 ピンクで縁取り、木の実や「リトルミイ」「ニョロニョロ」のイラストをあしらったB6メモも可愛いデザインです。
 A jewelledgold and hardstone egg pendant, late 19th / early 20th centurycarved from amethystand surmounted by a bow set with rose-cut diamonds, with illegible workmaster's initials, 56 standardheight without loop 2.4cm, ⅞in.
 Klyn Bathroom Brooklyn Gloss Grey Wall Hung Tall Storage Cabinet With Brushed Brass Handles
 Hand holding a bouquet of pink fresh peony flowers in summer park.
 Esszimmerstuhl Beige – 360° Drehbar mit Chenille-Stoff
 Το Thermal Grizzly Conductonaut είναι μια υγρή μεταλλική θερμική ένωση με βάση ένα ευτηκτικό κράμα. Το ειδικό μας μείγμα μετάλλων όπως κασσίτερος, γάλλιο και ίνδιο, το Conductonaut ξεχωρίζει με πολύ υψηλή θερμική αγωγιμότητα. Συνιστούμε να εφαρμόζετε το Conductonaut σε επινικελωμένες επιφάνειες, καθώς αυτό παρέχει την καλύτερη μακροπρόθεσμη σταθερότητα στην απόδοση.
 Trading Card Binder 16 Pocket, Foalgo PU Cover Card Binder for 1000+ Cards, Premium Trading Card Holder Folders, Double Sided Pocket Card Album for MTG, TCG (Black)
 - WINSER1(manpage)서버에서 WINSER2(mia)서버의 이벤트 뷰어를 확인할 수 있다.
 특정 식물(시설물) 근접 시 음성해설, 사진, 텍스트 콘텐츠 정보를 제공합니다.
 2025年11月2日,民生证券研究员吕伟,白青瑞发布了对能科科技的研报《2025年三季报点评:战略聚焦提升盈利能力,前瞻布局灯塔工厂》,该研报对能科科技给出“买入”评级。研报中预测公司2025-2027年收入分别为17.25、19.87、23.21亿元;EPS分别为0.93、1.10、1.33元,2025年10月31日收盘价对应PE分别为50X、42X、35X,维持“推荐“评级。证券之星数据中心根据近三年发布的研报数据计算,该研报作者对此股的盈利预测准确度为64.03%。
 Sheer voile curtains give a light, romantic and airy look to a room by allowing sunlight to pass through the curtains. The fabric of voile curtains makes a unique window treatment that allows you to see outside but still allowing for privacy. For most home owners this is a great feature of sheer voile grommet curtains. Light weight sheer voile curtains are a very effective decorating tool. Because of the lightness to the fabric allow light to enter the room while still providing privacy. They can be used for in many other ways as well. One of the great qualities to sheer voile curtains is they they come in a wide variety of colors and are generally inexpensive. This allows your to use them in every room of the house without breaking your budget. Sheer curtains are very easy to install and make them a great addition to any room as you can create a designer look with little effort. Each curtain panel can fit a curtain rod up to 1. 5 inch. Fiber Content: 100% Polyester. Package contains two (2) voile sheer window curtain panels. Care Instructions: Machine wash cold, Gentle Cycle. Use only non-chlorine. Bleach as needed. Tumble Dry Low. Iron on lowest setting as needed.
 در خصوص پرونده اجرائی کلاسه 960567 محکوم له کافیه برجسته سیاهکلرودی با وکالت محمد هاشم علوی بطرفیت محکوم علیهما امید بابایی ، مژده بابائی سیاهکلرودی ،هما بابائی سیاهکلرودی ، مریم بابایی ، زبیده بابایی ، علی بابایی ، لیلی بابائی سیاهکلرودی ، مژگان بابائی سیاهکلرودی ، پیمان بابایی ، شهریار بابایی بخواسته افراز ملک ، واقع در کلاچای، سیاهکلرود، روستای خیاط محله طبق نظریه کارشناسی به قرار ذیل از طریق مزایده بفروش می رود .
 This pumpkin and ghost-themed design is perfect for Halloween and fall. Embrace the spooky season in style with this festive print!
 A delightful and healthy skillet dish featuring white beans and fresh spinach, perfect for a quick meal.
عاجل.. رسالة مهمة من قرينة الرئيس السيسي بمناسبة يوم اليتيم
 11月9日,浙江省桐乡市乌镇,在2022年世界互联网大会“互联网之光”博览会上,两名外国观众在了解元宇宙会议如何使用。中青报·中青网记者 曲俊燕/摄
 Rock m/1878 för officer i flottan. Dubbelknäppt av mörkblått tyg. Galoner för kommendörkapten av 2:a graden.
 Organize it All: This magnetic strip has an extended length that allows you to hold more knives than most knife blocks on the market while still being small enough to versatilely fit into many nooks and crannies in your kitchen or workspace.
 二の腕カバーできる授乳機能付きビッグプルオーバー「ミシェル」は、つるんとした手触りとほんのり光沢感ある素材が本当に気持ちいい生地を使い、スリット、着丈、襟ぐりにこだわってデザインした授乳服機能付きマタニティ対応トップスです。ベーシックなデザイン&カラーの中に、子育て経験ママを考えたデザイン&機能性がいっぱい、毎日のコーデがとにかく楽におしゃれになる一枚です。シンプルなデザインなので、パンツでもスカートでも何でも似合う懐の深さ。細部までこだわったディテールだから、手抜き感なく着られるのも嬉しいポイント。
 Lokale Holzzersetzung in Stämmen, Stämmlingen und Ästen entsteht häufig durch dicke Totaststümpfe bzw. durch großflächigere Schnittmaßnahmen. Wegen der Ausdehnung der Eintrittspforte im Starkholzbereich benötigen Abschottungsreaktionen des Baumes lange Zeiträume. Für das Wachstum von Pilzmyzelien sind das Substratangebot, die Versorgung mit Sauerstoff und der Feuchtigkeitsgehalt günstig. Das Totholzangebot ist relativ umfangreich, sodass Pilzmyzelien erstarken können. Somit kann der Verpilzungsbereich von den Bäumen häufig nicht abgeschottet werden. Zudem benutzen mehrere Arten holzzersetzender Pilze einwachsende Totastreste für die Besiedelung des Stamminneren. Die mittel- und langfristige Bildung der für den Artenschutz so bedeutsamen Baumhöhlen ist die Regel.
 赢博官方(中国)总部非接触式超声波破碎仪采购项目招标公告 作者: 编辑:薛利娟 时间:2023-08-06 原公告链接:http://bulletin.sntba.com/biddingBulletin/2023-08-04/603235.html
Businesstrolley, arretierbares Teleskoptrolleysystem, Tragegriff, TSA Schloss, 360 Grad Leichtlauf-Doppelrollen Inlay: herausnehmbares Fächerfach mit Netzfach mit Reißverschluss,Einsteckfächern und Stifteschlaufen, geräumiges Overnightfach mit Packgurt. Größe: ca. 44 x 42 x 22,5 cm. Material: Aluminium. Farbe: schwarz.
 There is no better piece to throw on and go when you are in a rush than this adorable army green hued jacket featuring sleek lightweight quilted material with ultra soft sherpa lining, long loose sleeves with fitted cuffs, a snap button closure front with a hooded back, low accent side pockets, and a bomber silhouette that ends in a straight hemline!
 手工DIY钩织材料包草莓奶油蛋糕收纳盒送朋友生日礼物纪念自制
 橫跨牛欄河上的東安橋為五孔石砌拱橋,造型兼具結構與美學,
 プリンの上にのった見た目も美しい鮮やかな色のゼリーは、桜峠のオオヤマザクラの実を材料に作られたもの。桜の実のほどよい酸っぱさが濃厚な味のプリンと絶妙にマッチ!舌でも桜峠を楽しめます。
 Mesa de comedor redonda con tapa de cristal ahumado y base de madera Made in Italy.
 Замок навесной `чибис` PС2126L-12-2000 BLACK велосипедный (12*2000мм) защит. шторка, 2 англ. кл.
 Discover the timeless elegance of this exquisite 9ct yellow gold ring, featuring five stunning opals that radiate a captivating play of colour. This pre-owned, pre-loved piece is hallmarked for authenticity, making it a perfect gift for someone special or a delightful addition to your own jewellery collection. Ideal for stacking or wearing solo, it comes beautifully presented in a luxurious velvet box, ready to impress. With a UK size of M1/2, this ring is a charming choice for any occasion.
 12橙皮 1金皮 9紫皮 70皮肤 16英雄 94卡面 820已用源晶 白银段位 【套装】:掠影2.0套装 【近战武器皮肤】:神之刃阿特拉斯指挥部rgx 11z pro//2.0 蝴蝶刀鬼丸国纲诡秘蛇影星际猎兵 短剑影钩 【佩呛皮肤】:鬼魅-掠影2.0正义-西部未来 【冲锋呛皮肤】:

### TASK
The exact lines of the material above starting at the one that contains "Mesa de comedor" and ending at the one that contains "2 англ. кл." are what to retype; leave out everything else.

### WORKED SOLUTION
 Mesa de comedor redonda con tapa de cristal ahumado y base de madera Made in Italy.
 Замок навесной `чибис` PС2126L-12-2000 BLACK велосипедный (12*2000мм) защит. шторка, 2 англ. кл.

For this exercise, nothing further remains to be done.